UNIT 2

Mona Lisa

Prompt 3

Leonardo da Vinci (1452-1519) marks the beginning of the High Renaissance in painting. The history of western civilization records no man as gifted as Leonardo da Vinci. He was outstanding as a painter, musician, architect, engineer, scientist and philosopher, and was unquestionably the most glittering personality of the High Renaissance in Italy.

Few of his paintings come down to us. Leonardo’s main contribution to art was the way he rendered the real world around him. This was possible because of his understanding of light and shade (chiaroscuro) and of perspective. Unlike other Renaissance masters who sought to convey a clear and understandable message through their paintings, Leonardo created a problem to which he gives no answers.

“Mona Liza” is the supreme example of Leonardo’s unique ability to create a masterpiece which lies between the realm of poetry and concrete realism of a portrait. The painting is a half-length portrait and depicts a woman whose expression is often described as enigmatic. The ambiguity of the sitter's expression, the monumentality of the half-figure composition, and the subtle modeling of forms and atmospheric illusionism were novel qualities that have contributed to the painting's continuing fascination.

Mona Liza is named for Lisa del Giocondo, a member of the Gherardini family of Florence and Tuscany and the wife of wealthy Florentine silk merchant Francesco del Giocondo. The painting was commissioned for their new home and to celebrate the birth of their second son, Andrea.

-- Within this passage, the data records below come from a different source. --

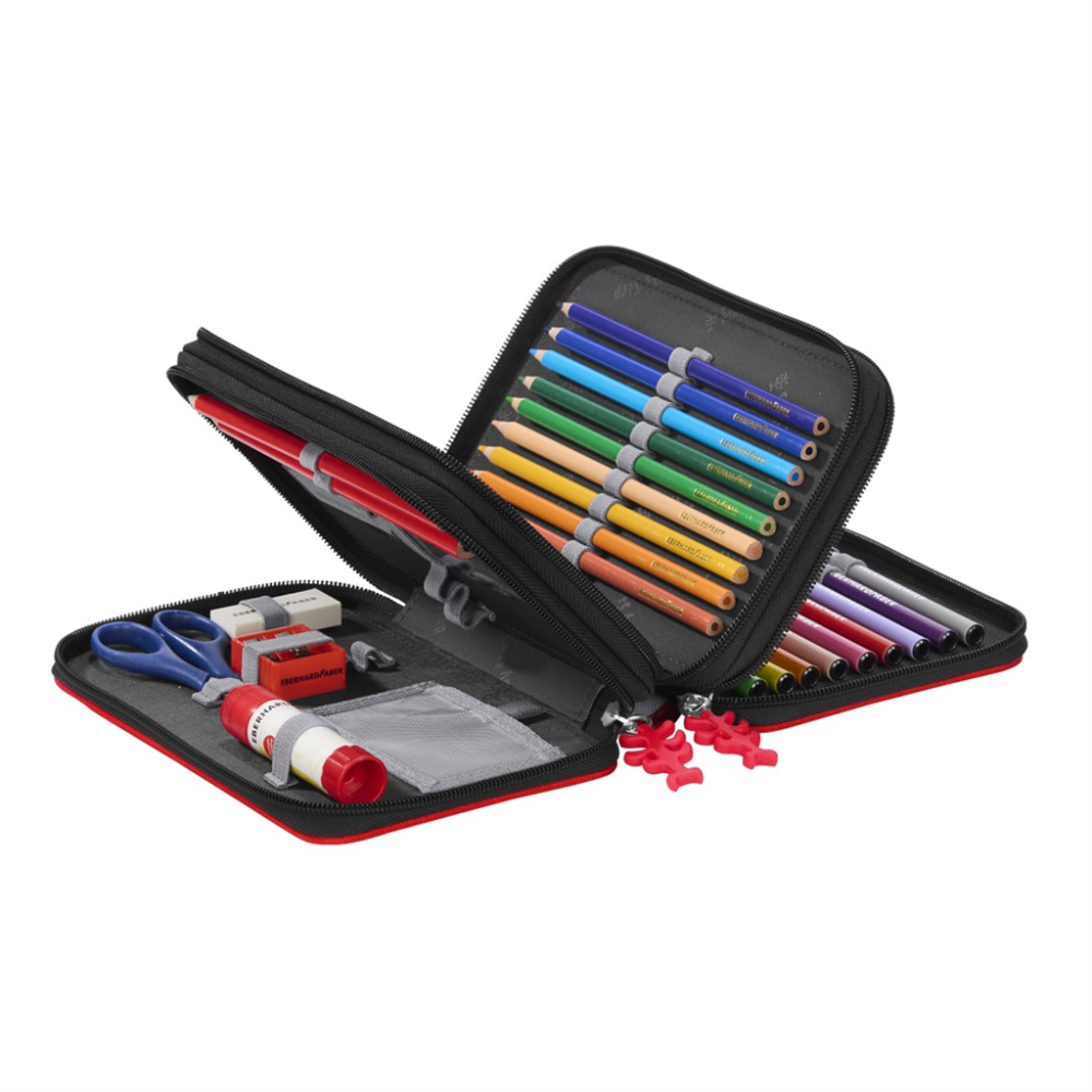 31-dielny plátený peračník s dvojitou klopou JUNIOR: ľahko umývateľný povrch zosilnené steny poskytuje veľa priestoru na udržanie poriadku Materiál: Polyester
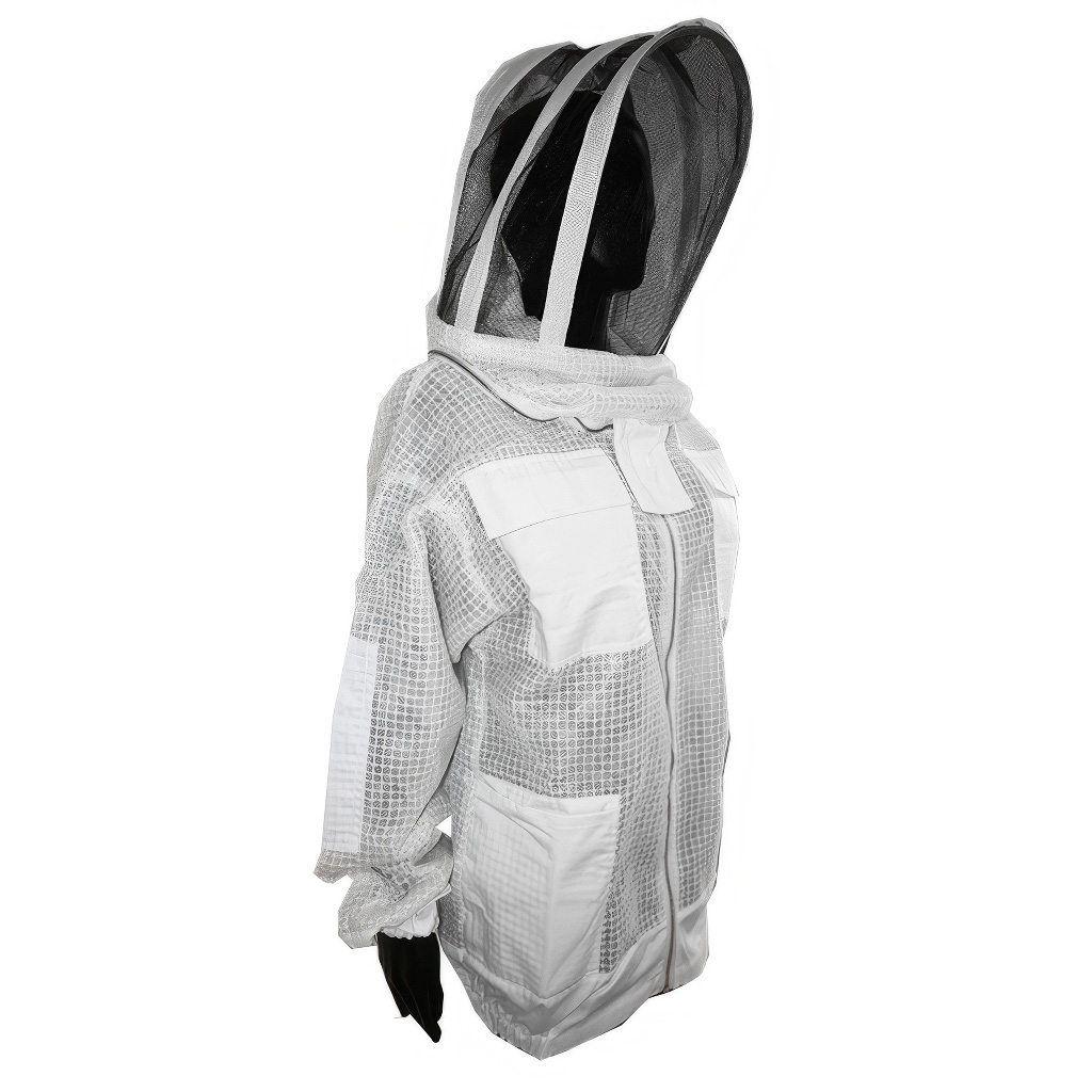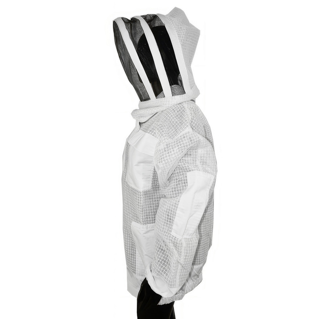Bluza jest starannie uszyta z mocnej tkaniny bawełnianej, która jest wystarczająco gruba, aby znacznie ograniczyć przebicie żądłem. Jasne wykonanie dodatkowo pomaga utrzymać pszczoły w spokojniejszym nastroju – ciemne odcienie mogą bowiem bardziej drażnić rodziny pszczele. Nacisk położono również na miejsca narażone: okolica szyi jest zabezpieczona tak, aby pszczoły nie dostały się pod odzież, a końce długich rękawów są ściągnięte gumką. Rękawy można w ten sposób łatwo wsunąć do rękawic pszczelarskich i zminimalizować możliwość wślizgnięcia się pszczoły do środka.
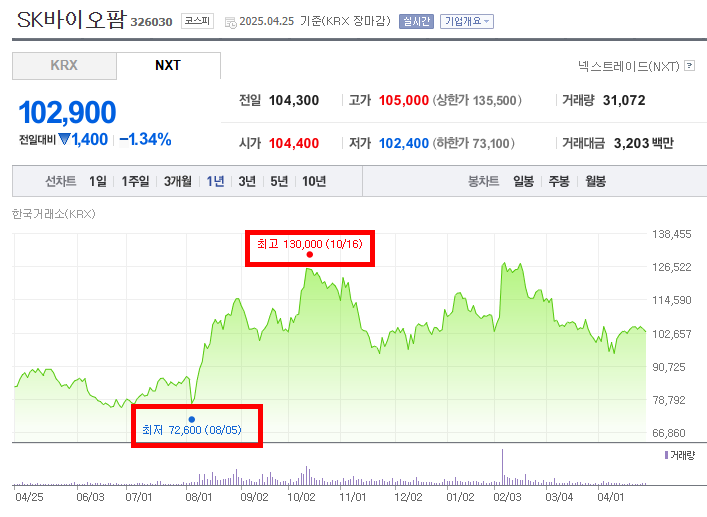 - 2024년 8월 초부터 10월 중순까지의 급격한 상승은 SK바이오팜의 핵심 파이프라인인 뇌전증 신약 '세노바메이트'의 글로벌 시장 확대에 대한 기대감이 최고조에 달했던 시기와 맞물릴 가능성이 크다. 특히 미국 시장에서의 처방 증가 추세가 뚜렷하게 나타나거나, 유럽 시장 진출과 관련된 긍정적인 소식이 전해졌을 경우 투자자들의 매수 심리를 강하게 자극했을 수 있다. 이 기간의 거래량 변화를 확인하면 상승 추세의 강도를 파악하는 데 도움이 될 것이다.
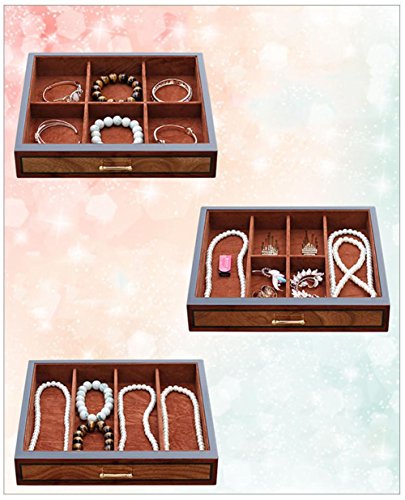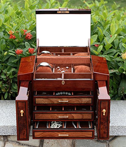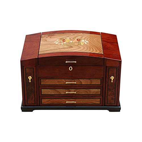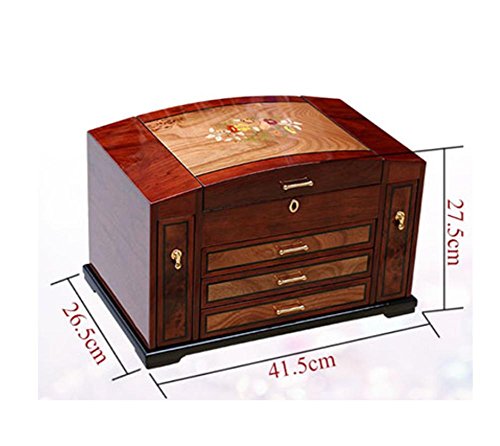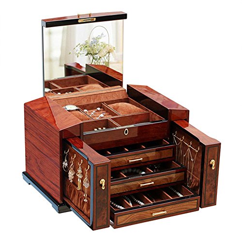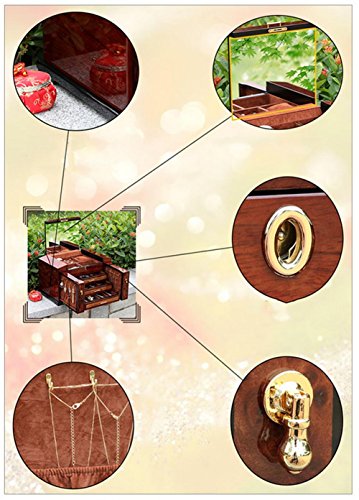 Product Details: The box of jewelry box curved shape, looks very upscale luxurious. Jewelry box with a lock, you can lock up the lid, better protect your valuable items are not lost. The jewel case is covered with a large mirror and can be used for dressing. The mirror in front of five lattice, the back of the left and right two lattice with pillow sets, can put expensive watches, the middle is the ring groove, the front column of two, you can put valuables. The jewelry box is also equipped with three drawers, on both sides there are two can be pulled out of the drawer, each drawer is equipped with 4 of metal hooks, can hang necklace or earrings, There's flannel bags underneath,can put the pendant part of the necklace into the velvet bag,? this is a very humane design. Product Features: The surface of the jewelry box is photocatalyst paint, completely harmless to the human body and the environment,the product of the painting equipment is the use of advanced automatic painting equipment, the uniformity of the product's paint is ensured and the effect of the mirror coating is completely achieved. The interior uses the high-grade wine red soft pattern velvet, can protect your jewelry effectively not to be scratched, does not change color, no Ken color. Locks, handles, hinges and other hardware are imported from Taiwan high quality hanging plating products, the use of 20 years without rust, not oxidation, not only has a practical and more valuable collection, is the intimate partner of every jewelry lovers.
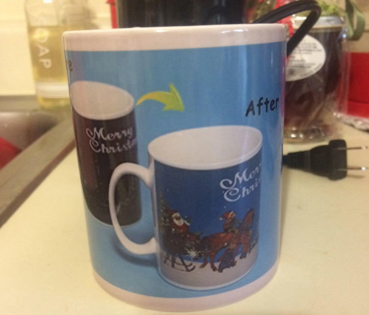 唔...乍看之下這馬克杯的一側應該是黑底白字,另一面就是聖誕老公公駕著雪橇的圖案吧?

At his death in 1525, Leonardo's assistant Salai owned the portrait named in his personal papers la Gioconda which had been bequeathed to him by the artist. Italian for jocund, happy or jovial, Gioconda was a nickname for the sitter, a pun on the feminine form of her married name Giocondo and her disposition. In French, the title La Joconde has the same double meaning.

Leonardo used a pyramid design to place the woman simply and calmly in the space of the painting. Her folded hands form the front corner of the pyramid. Her breast, neck and face glow in the same light that models her hands. The light gives the variety of living surfaces an underlying geometry of spheres and circles. Leonardo referred to a seemingly simple formula for seated female figure: the images of seated Madonna, which were widespread at the time. He effectively modified this formula in order to create the visual impression of distance between the sitter and the observer. The armrest of the chair functions as a dividing element between Mona Liza and the viewer.

The woman sits markedly upright with her arms folded, which is also a sign of her reserved posture. Only her gaze is fixed on the observers and seems to welcome them to this silent communication. Since the brightly lit face is practically framed with various much darker elements (hair, veil, shadows), the observer's attraction to Mona Liza's face is brought to even greater extent. Thus, the composition of the figure evokes an ambiguous effect: we are attracted to this mysterious woman but have to stay at a distance as if she were a divine creature.

The painting was among the first portraits to depict the sitter before an imaginary landscape. The enigmatic woman is portrayed seated in what appears to be an open loggia with dark pillar bases on either side. Behind her a vast landscape recedes to icy mountains. Winding paths and a distant bridge give only the slightest indications of human presence. The sensuous curves of the woman's hair and clothing, created through sfumato, are echoed in the undulating imaginary valleys and rivers behind her. The blurred outlines, graceful figure, dramatic contrasts of light and dark, and overall feeling of calm are characteristic of Leonardo's style. Due to the expressive synthesis that Leonardo achieved between sitter and landscape it is arguable whether Mona Liza should be considered as a traditional portrait, for it represents an ideal rather than a real woman. The sense of overall harmony achieved in the painting—especially apparent in the sitter's faint smile—reflects Leonardo's idea of a link connecting humanity and nature.

“Mona Liza” is one of Leonardo’s greatest works because of its plasticity, the delicate rendering of the light and shade, and the poetic use  of  sfumato. This painting with light and deep transparent shadows over figures, anatomically perfect and strongly plastic, gives the forms a vibrant and living quality.

Actually, the portrait is the fusion of Leonardo’s artistic beliefs – that it is possible to represent nature visually in all the fullness of the realism; the deep nostalgia characteristic of Leonardo’s generation for calm and remote beauty; and the individual characterization which was the aim of Renaissance portraiture.